Seriously???. That stuff is WAY flamable...at least pre hardening it is. Maybe once it hardens all the burnable chemicals are "gassed off"???.


----------



## webbie (Feb 15, 2008)

Yeah, I think it becomes less flammable when dry - and the tops of masonry chimneys are amazingly cold because of the mass. I'm not promoting the stuff for chimneys, but I have seen many sweeps use it!


----------



## jbrown56 (Feb 15, 2008)

Bucky, I've used cultured stone on a few job and you should go by mfg. specs or you will void the warranty. We would use the empty tubes of PL to start fires on the job sites.

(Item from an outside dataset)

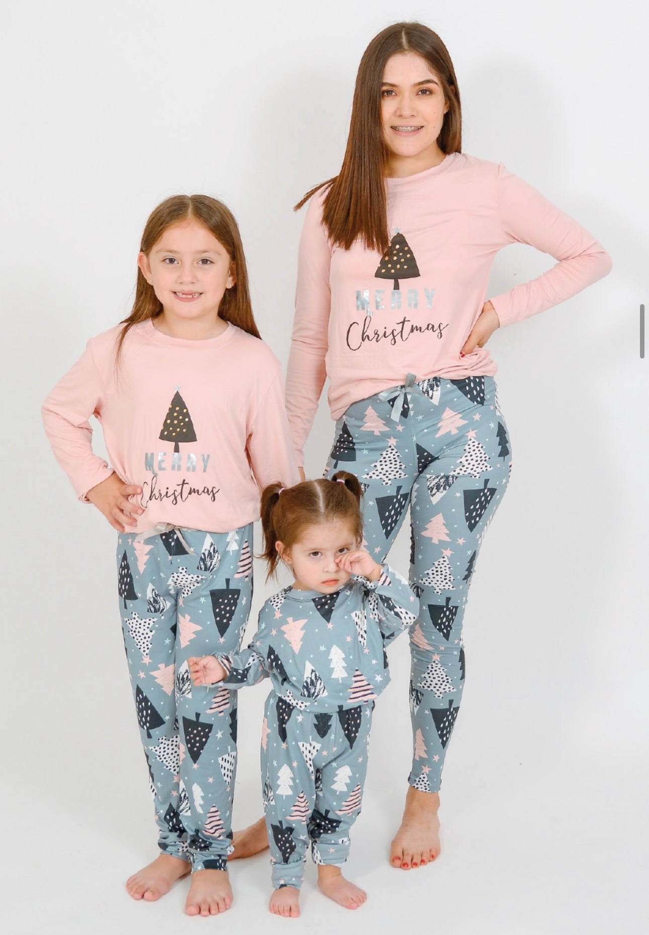 Pijama para mama e hija o individual con estampado de pino de navidad en tonos grises, blanco y negro con playera de manga larga en tono rosa con estampado de navidad en suave tela de algodon.

It is very flammable, even hardened.

Jim


----------



## fecrousejr (Feb 15, 2008)

Bucky said:
			
		

> Newbie here.  I am going to use the jointless ProFit Cultured Stone by Owens Corning to create the face of my new Mendota DVX-45 gas fieplace.  My question is: has anyone had success with using a strong construction adhesive, like PL400 or the equivalent, to install the stone veneer?  I think it would work, but I'm not quite sure.
> 
> Any advice?



There is not enough information in your question to be able to respond appropriately.  What type of wall surface are you wanting to adhere the cultured stone to?  How much cultured stone? How high?  What is the wall structure?  How much flex does the wall have?

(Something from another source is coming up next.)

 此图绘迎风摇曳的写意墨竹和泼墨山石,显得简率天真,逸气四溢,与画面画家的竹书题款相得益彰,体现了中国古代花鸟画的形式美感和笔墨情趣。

As an architectural project manager, who has used Owens Corning Cultured Stone on numerous projects, I would advise against using any type of non-manufacturer-approved adhesive for the installation of this product.  I have seen some really good applications of this material, however I have also seen some disastrous installations as well.  Short cutting the adhesive is the first step toward disaster.  It may look great for a few days or weeks or even months, but once problems arise, you will wish you did it "per spec".  Heat is a major issue with many of the "Liquid Nails" type products.  Be careful...


----------



## youngstr (Feb 15, 2008)

Bucky,
     I was in the same position as you 2 years ago.  I started off trying to install my Corning cultured stone using strictly mortar.  The problem is, you need your mortar mix to be dead on.  If it's too dry the stone won't adhere, if it's too wet the stones will slide down your wall.  I wasn't having much luck and I was getting frustrated.  After speaking with a few tile/stone/brick installers a guy told me about a high temp adhesive that is exceptionally strong(I don't remember the name, DP501 or something?, I'll post again tonight with the name).  

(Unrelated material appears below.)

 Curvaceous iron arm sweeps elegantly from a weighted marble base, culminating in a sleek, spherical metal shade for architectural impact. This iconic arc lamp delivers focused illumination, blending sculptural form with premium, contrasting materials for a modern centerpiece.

The way to install this is really wierd but it works well.  The adhesive takes 24 hours to cure so what you do is apply a some adhesive and a small amount of hot glue(from a hot glue gun) to the back of your stone.  Then hold the stone against the wall(I used hardi-board as my base) until the hot glue cools, about 1 minute.  The hot glue will hold the stone in place temporarily until the high temperature adhesive cures.

Like I said, it's different but it works.  I've yet to have any stone even feel loose.  I should also mention, one of the big stone/tile shops in NH...Corriveau Routhier recommends this as a valid installation method.

I hope this helps....

Y


----------